EN MOMENTOS DE ANGUSTIAS
DIOS TIENE UN PLAN PARA MÍ

¡Caray, ya te digo yo que, a mí me da una tremenda envidia esta respuesta de Job! Y espero de verdad que esta prueba reciente, me ayude a mejorar en esto: que es que soy un hijo de Dios y no puedo tenerle miedo a nada ni a nadie, ni siquiera Dios, que es mi Padre, como decía san Josemaría.

Es que nuestro optimismo no es que ‘todo va a salir bien’, que a todos nos ha tocado decirle a alguien para consolarlo… Nuestro optimismo cristiano no es el de que todo vaya a salir perfecto, al menos no aquí en la Tierra. 

Nuestro optimismo es más bien el de: mi padre es Dios, que me ama con locura y mi Padre tiene un plan. Y esto, a pesar de mi resistencia a esos planes, que son buenísimos, aunque no siempre sepa entenderlos a la primera… 

Pues hoy leemos en el Evangelio, que los discípulos fueron dóciles, siguieron las instrucciones y dieron los frutos de su labor.
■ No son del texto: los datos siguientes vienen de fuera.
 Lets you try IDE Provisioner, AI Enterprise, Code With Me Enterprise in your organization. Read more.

Comenta el evangelista:

“Ellos salieron a predicar la conversión, echaban muchos demonios, ungían con aceite a muchos enfermos y los curaban”

(Mc 6, 12-13).

CON ALZHEIMER ESPIRITUAL

Pues ya está, prueba superada, pero por ahora… Porque ellos sufrían esa misma enfermedad que padecemos nosotros, que lamentablemente padecemos de ese Alzheimer espiritual que nos hace olvidar todas las veces que Dios nos ha tendido la mano y nos ha sacado del apuro. 
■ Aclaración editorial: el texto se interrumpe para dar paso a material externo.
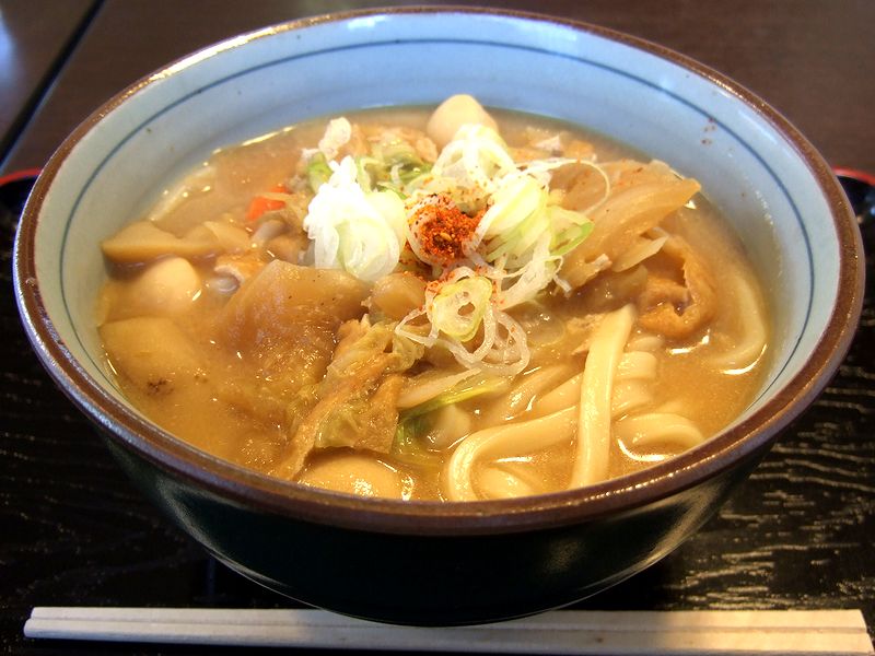 で、そこでいただいたのはけんちんうどんなんですが、味噌仕立てのけんちん汁でうどん(食感からすると冷凍物だと思うのですが、自信なし。)を煮込んだ(食券提出時に、煮込むので時間が掛かる旨確認されました。)物。けんちん汁の具材は根菜類や油揚げ、それに白菜などで、その旨味が溶けこんだ濃い目の汁が、とっても良いですね。身体が暖まりますし、結構食べ応えもありました。

Estos discípulos tenían motivos, más que suficientes para vivir con la seguridad de que mientras estuviesen junto a Dios, nada había que temer. Pero en el momento malo, cuando se encuentran de frente con la Cruz de Jesús, salieron todos corriendo como chiripa…Bueno, todos menos uno. 

Y es que la teoría la conocían a la perfección, es que había motivos más que suficientes para confiar. Pero una cosa es poner todo eso en práctica al momento de la prueba. 

ABANDONARNOS EN MOMENTOS DE ANGUSTIAS

Por eso, aprovechemos este rato de oración para renovar nuestro abandono en los planes de Dios y a pedirle que nos dé ese don del agradecimiento, un agradecimiento que nazca del recordar cuántas veces Dios nos ha ayudado. 

Nosotros también tenemos razones, motivos más que suficientes para creer. 

Y te pedimos disculpas, Señor, por todas esas veces que nuestro Alzheimer espiritual nos hace olvidar que nos has sacado de apuros una y otra vez. Y siempre antes, más y mejor. 

Vamos a pedirle este favor también a nuestra Madre, la Santísima Virgen de Guadalupe, porque para que Juan Diego confiara en ella, le dio un argumento que lo dejó completamente desarmado, y que también a nosotros nos ayuda muchísimo, nos da una tremenda tranquilidad. Porque le dijo:

“¿Acaso no estoy yo aquí que soy tu madre?


Citas Utilizadas

1 R 2, 1-4. 10-12

1 Cro 29

Mc 6, 7-1

Jb 1, 21; 2,10

Forja, p. 284

 

 

Reflexiones

¡Señor, ayúdame! Tú sabes mi plan, sabes a lo que puedo resistir en esos momentos de angustia.

Que pueda tener la confianza y abandono pleno en tu infinita sabiduría.